The notebook reflects the same process as the Python scripts used during development, ensuring consistency and reproducibility.


#### Utils Package
The utils package provides essential helper functions and classes for data preprocessing, tokenization, and dataset handling. These include:

##### General utilities: 
Functions for cleaning text, scaling data, and merging datasets (utils.general_utils).
##### Loader utilities: 
Classes for efficiently loading and batching training and validation datasets (utils.loader_utils).
##### Model utilities: 
Functions for loading pre-trained models and performing mean pooling of embeddings (utils.model_utils).

This modular structure ensures consistency across scripts and simplifies the workflow for training and inference.

## Prepare Data

In [1]:
from utils.data_utils import (load_data, fill_na, merge_users_reviews_by_matches, to_lower, clean_text,
                              replace_multiple_spaces, is_english)

### User Data Processing:
1. Load Data: Load user data for the specified split (train, val, test).
2. Handle Missing Values: Replace missing guest_country values with "Unknown".
3. Feature Engineering: Create a consolidated features_text field, combining key user and accommodation information (e.g., guest type, country, star rating).
4. Save Processed Data: Save the processed user data to a CSV file for further use.

In [2]:
def process_users_data(split):
    print('Loading users data...')
    df_users = load_data(split=split, data_type='users')
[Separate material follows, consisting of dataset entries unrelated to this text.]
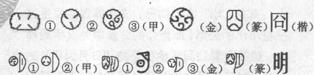 冏(音窘)与“明”既是俩兄弟,又是两个较有文化含量的字,同以ng(ㄥ)为韵母,同出于一个生活原形。 甲骨文❶的“冏”,是个象形字,它取象于远古时代人们在宋居的土墙上掏挖的简易窗口,其中内伸的四个门牙形状的齿,是安装在窗口上窗棂的初形,一般用树枝、陶片或兽骨作材料,主要是防范野兽的侵袭和从窗而入的不速之客的到来。土墙上开凿窗口,也是室内瞭望、采光、通风的需要。甲骨文 ❷将窗口的轮廓变为圆形,减少了一个窗齿,甲骨文 ❸可能是利用树枝的自然形态,将三个窗齿作了一些艺术性的浪漫处理,但其含意不变。 金文的 “冏”,在甲骨文 ❸形状的基础上,又增加了一个带有浪漫色彩的 “齿”。大概到了小篆时代,人们在土墙上安装的窗口,形式有所改进,档次也有所提高吧,这时的 “冏”,已经是有窗格子的形状了。楷书将小篆 “冏” 的象形符号作了文字化的处理,上部的两个窗格变作一撇一捺的“八”,下部的一个窗格连同窗框变成“口”,写作 “冏”(异体写作“囧”)仍为象形字。 “冏”,从甲骨文到小篆都是不断变化的象形字。我们从这个“窗口”依稀看见人类进步的一些踪迹。窗户是了解世界和被世界了解的口岸,从而就不难理解,从古到今人们为什么给予窗牖所寄托的希望和所做的文章不会太少。 冏的本意是墙壁上安装的窗口。由本意直接引申的意思是明亮。《说文》: “冏,窗牖丽楼闿明,象形。”丽楼,透光明朗的意思; 闿明,敞开快乐的意思。可以说许慎对“冏”的解释是相当到位的。后来为了扩大“冏”的义项,增加形符“火”(阳光的标意),变作从火冏声的形声字写作“烱”(后又简作炯)。赋予“炯”的义项都是“冏” 的引申之意: ❶明亮。晋郭璞《井赋》: “乃回澄以静映,状冏然而镜灼”是将井比作明亮的窗户。 ❷光明。南朝梁江淹《张廷尉杂述》: “冏冏秋月明,凭轩咏尧老。”是将月光比作明亮的窗户。 ❸光亮。杜甫《法镜寺》: “朱甍半光炯,户牖粲可数。” 是说一扇窗户使整屋子得到明亮。 ❹心地光明曰炯心。李白 “高节不可夺,炯心如凝丹。”(《感兴》) ❺光明正直曰炯介。 ❻形容目光明亮曰炯炯。冏,殷卜用作祭祀的一种形式,“王其登南冏米唯乙亥。” 冏,在这里是形容词,冏米,是舂过皮壳带有发亮色泽的小米,即后来称作明粢的谷物(粢音资,六谷的总称),古人用以祭祀祖先。卜辞是说,商王在乙亥这天用发亮的精米作祭品祭祀。 汉字是形象思维与逻辑思维的庞大系统。造字者的想象异常奇特,他们知道“冏”与“月”虽然相去甚远,但互为条件却产生 “明”,故从冏(同)所组构的汉字都具有明、远、长、隔的含意: 商: 星名,参、商之星虽然明亮,但相距甚远,互不相见。 裔: 偏远的地方; 远代子孙。 矞:(音预)天空的彩云。 絅: (音窘)罩在外面的单衣。取隔阻之意。 扃: (音窘)门闩; 从外关门。取隔阻之意。 苘:(音请)即植物苘麻,纤维可做绳子。取长意。 洞: (音窘)形容水域远。 坰: (音窘)形容地域远。 迥: (音窘)形容距离远。 詗:(音兄)有距离的窥视、侦探,如刺探、诇察。 冏,在墙曰牖,在屋曰囱。屋、壁的窗口,天生的与明亮结缘。 甲骨文❶的 “明”,从冏从月,冏亦声,为形声兼会意字。甲骨文 ❷与一款相比,虽笔画有所简约但标意无别。甲骨文 “明” 的取象是,人在居室内通过 “冏”观察到夜空中一轮明月。明的本意是月明,在古人的意念里,光与明是有区分的,就一般而言,日 (太阳)生光,月(月亮)生明,而月生明的“明”以什么形象来标意呢?造字者是用现实主义与自然想象相结合的手法造出了这个“明”字的。明字的造出,实在有诗一般的意境。他的这种诗的意境,比李白 “床前明月光,疑是地上霜。举头望明月,低头思故乡。” 的产生起码要早两千多年。况且李白的《夜思》措词早就有学者提出质疑,“床前明月光” 于自然不符,假如诗圣不是露天下榻的话,那么,那个 “床” 字实在应该是个 “窗” 子。不过后世文人却用 “无意于工而无不工” 的评说粉饰过去了。 有关“明”字的构形,文字界曾经发生过一桩小小的公案,而当今的许多中外汉字阐释家,似乎是异口同声地仍坚持“日月为明” 的说法。对于甲骨文中从日从月的字,王玉哲先生早就有了释 “朝”的剔透论证,文字学界对此也是基本认可的,我们何不走近自己的书橱去翻阅一下呢? 当一股谬误如潮水一样涌来的时候,浊浪滚滚,是根本无法听从辩解的。这样说并不意味要将“明”退回到甲骨文、金文和小篆的字形,而是说我们起码应该尊重古人的劳动创造。“明”,许慎在《说文》中解释得也相当清楚,“明,照也。从月,从冏。”至于说“古文明,从日。”是因为许氏压根儿就没有见过甲骨文,以“朝”误“明”是情有可原的。 明,这个极富诗情画意的字,是造字者刻意将 “月” 从 “冏” 中透析进来,特取明朗之意的。因为在青纱笼罩,万籁俱寂的世界里,黑夜的朗月似乎比白昼的太阳更可爱。
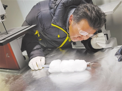 中國科學院青藏高原研究所研究員徐柏青在拉薩冰芯庫測量分析樣品受訪者供圖
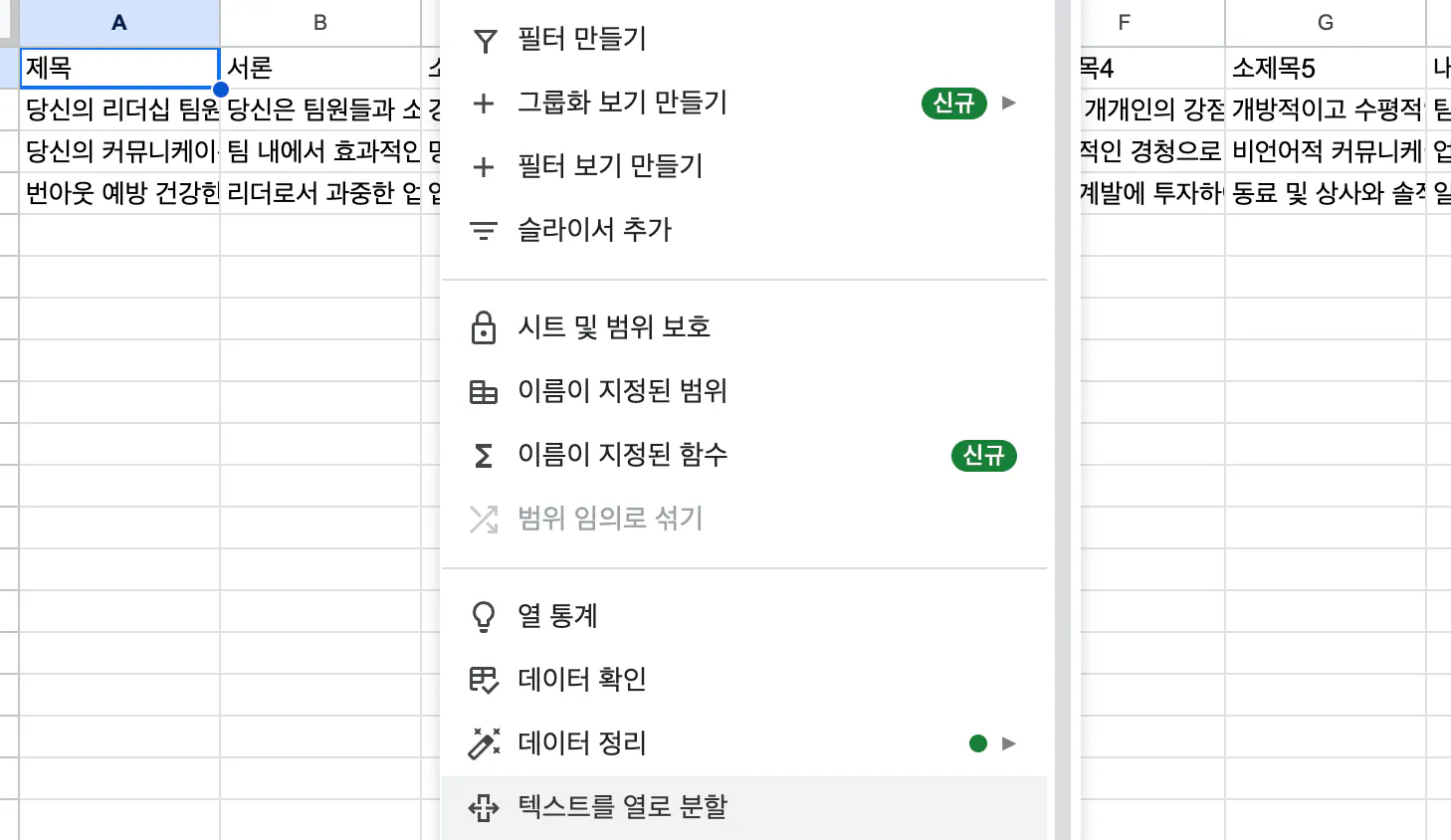 • 쉼표로 구분되어 있기 때문에, 구글시트에서 데이터> 텍스트를 열로 분할로 테이블화 합니다.
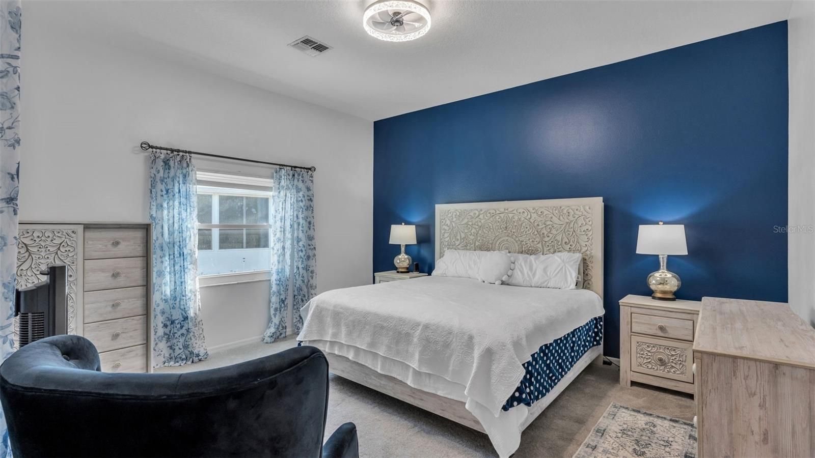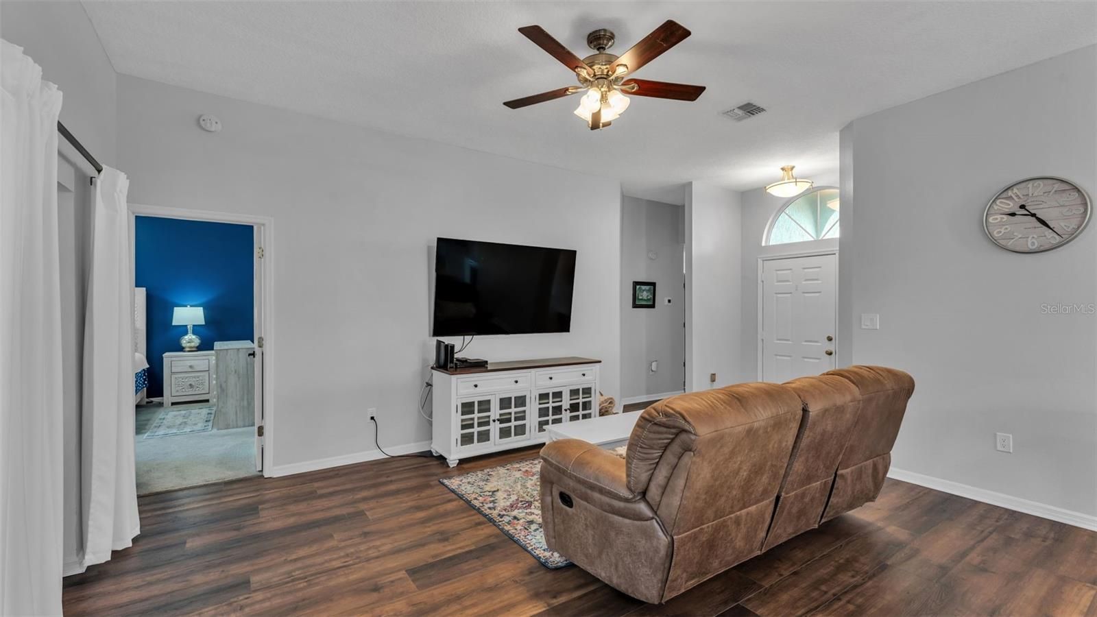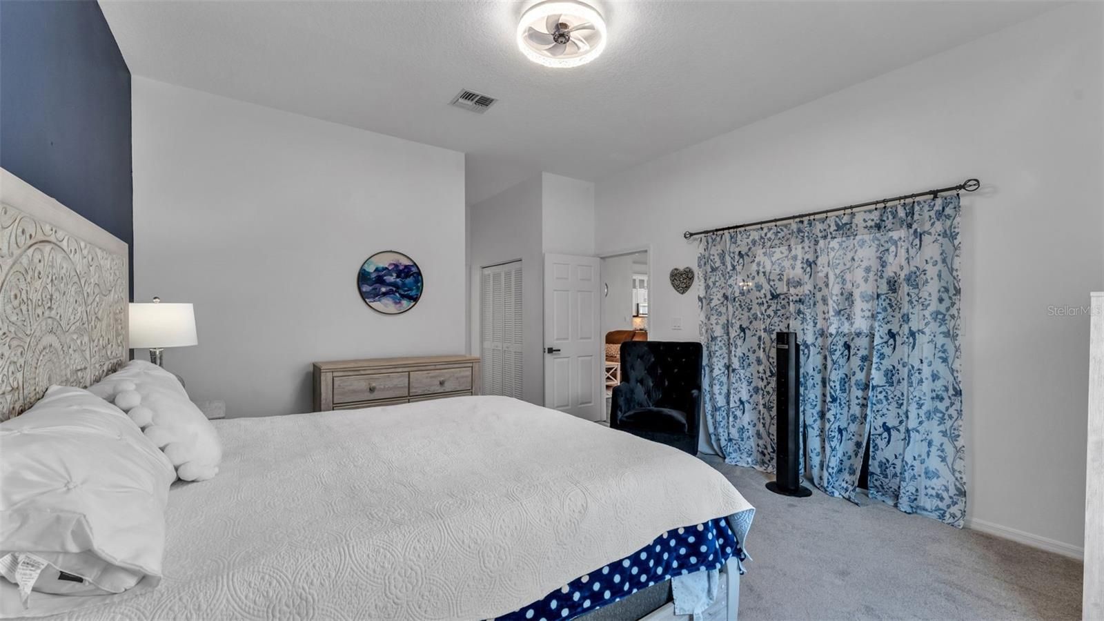 - Ceiling Fan(s), Eat-in Kitchen, High Ceilings, Living/Dining Room, Open Floorplan, Main Level Primary, Stone Counters, Thermostat, Walk-In Closet(s), Window Treatments

    print('Fill null values...')
    users_fill_na_params = {'guest_country': 'Unknown'}
    for col_name, new_value in users_fill_na_params.items():
        fill_na(df_users, col_name, new_value)

    df_users['features_text'] =\
        'Guest type: ' + df_users['guest_type'] + '\n' +\
        'Guest country: ' + df_users['guest_country'] + '\n' +\
        'Month: ' + df_users['month'].astype(str) + '\n' +\
        'Accommodation type: ' + df_users['accommodation_type'] + '\n' +\
        'Accommodation country: ' + df_users['accommodation_country'] + '\n' +\
        'Accommodation score: ' + df_users['accommodation_score'].astype(str) + '\n' +\
        'Accommodation star rating: ' + df_users['accommodation_star_rating'].astype(str) + '\n' +\
        'Room nights: ' + df_users['room_nights'].astype(str)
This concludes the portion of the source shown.